**TASK ITEM:**
When you copy from the entries that follow, take only the lines from the one with "8. Внести зміни" down to the one with "Talerzyki papierowe okrągłe", keeping both ends and dropping every picture.

Records drawn from a dataset:
====

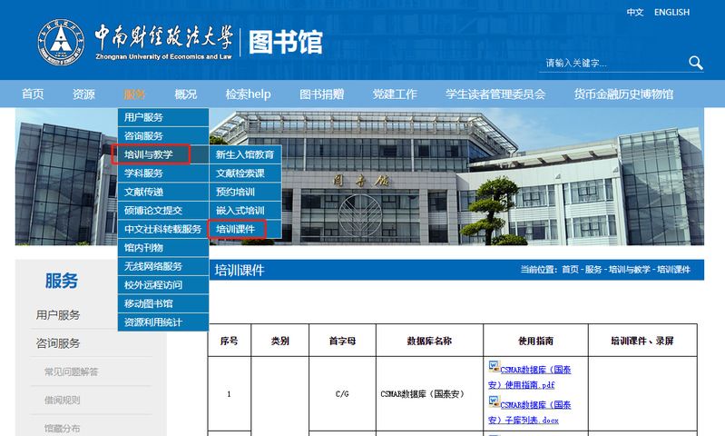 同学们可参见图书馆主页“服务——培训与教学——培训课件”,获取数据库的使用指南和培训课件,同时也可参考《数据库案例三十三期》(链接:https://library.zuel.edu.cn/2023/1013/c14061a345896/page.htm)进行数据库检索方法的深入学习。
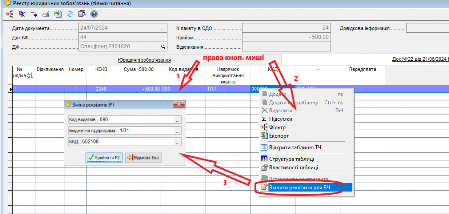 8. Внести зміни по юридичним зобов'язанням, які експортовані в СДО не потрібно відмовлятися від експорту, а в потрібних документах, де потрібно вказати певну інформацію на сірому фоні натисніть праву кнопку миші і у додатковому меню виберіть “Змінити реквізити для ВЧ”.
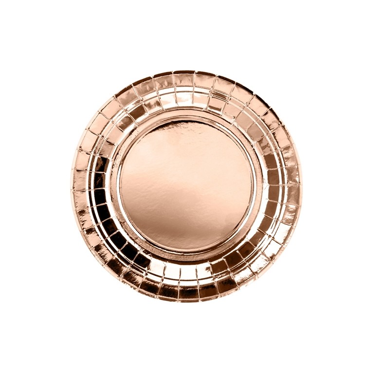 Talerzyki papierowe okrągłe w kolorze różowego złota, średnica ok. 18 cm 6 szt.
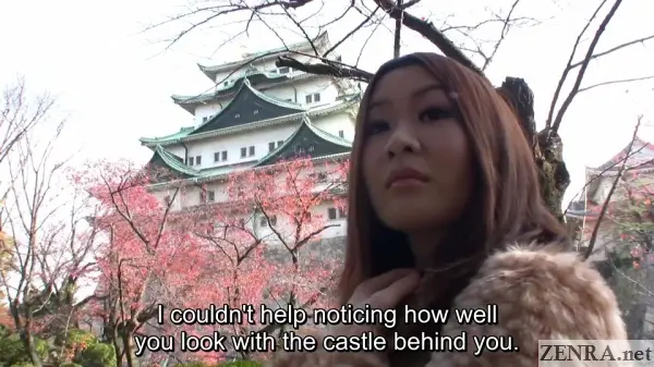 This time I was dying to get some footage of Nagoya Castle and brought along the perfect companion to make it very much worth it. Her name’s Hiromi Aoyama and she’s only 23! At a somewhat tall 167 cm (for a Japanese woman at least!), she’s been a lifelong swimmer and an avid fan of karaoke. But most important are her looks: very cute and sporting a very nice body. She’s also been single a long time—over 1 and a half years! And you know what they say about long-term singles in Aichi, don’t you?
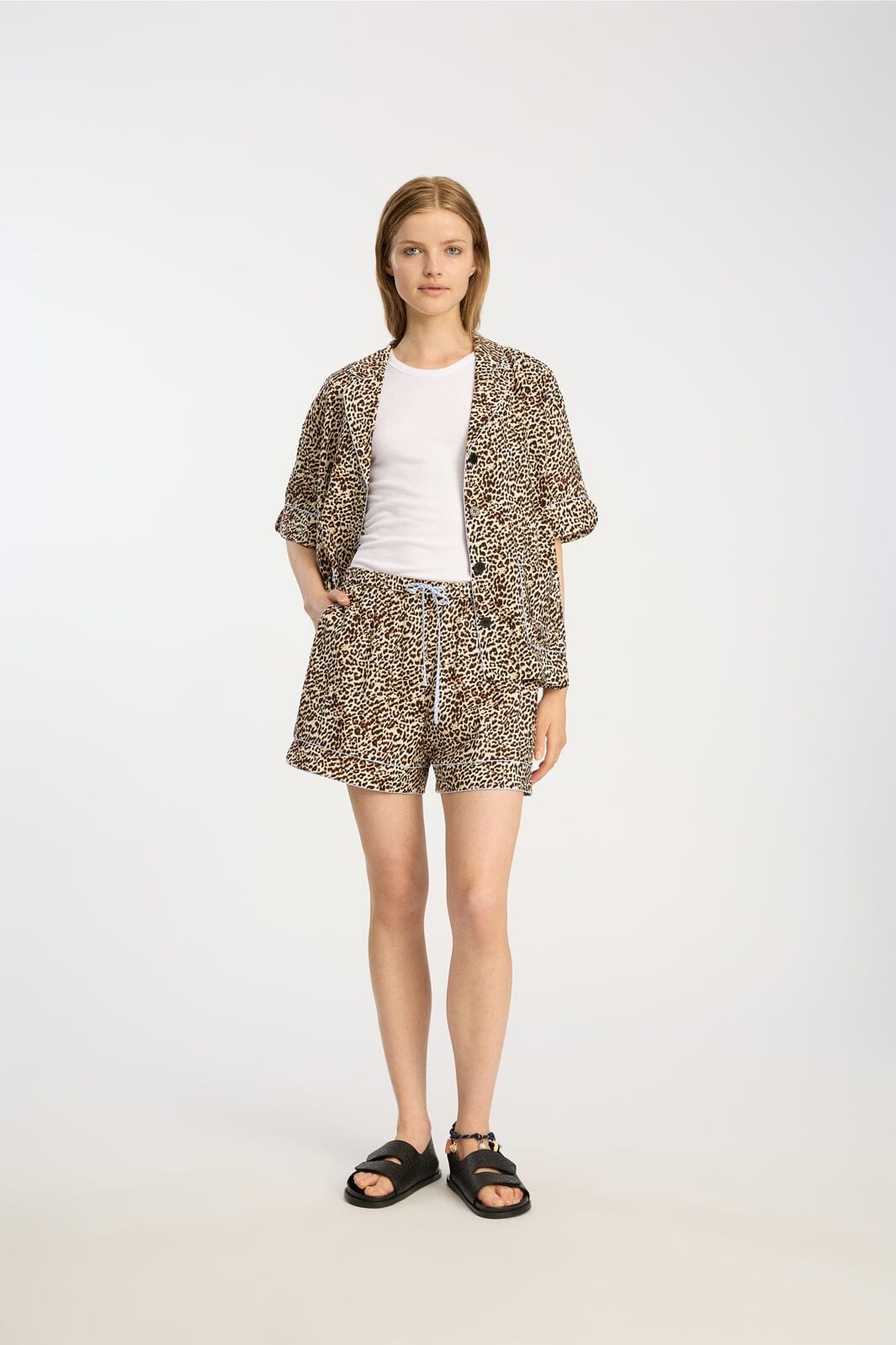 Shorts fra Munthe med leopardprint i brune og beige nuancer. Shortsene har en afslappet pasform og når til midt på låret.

====

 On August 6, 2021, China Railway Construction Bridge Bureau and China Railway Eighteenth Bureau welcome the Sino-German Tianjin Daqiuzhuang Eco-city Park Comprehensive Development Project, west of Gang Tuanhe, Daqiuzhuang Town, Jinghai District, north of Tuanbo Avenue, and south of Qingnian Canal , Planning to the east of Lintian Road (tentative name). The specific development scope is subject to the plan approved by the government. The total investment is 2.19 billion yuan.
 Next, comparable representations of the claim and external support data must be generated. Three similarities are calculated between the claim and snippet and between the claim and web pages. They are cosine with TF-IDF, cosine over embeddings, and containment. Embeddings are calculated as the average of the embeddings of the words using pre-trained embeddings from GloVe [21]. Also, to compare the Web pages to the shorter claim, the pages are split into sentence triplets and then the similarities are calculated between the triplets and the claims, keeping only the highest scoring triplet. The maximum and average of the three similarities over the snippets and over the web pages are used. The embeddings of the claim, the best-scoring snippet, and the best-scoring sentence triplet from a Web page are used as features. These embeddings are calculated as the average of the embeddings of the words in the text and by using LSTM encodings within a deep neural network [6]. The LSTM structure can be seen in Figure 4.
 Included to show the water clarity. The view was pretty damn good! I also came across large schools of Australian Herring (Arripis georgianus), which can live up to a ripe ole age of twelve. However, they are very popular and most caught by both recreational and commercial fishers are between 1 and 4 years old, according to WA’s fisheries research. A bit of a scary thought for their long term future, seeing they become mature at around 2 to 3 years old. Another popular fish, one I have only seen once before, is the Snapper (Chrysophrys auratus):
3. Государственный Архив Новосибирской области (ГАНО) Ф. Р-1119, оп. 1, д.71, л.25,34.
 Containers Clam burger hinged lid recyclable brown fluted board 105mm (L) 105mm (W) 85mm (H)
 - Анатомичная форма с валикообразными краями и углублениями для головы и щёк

====

**WORKED SOLUTION:**
 8. Внести зміни по юридичним зобов'язанням, які експортовані в СДО не потрібно відмовлятися від експорту, а в потрібних документах, де потрібно вказати певну інформацію на сірому фоні натисніть праву кнопку миші і у додатковому меню виберіть “Змінити реквізити для ВЧ”.
 Talerzyki papierowe okrągłe w kolorze różowego złota, średnica ok. 18 cm 6 szt.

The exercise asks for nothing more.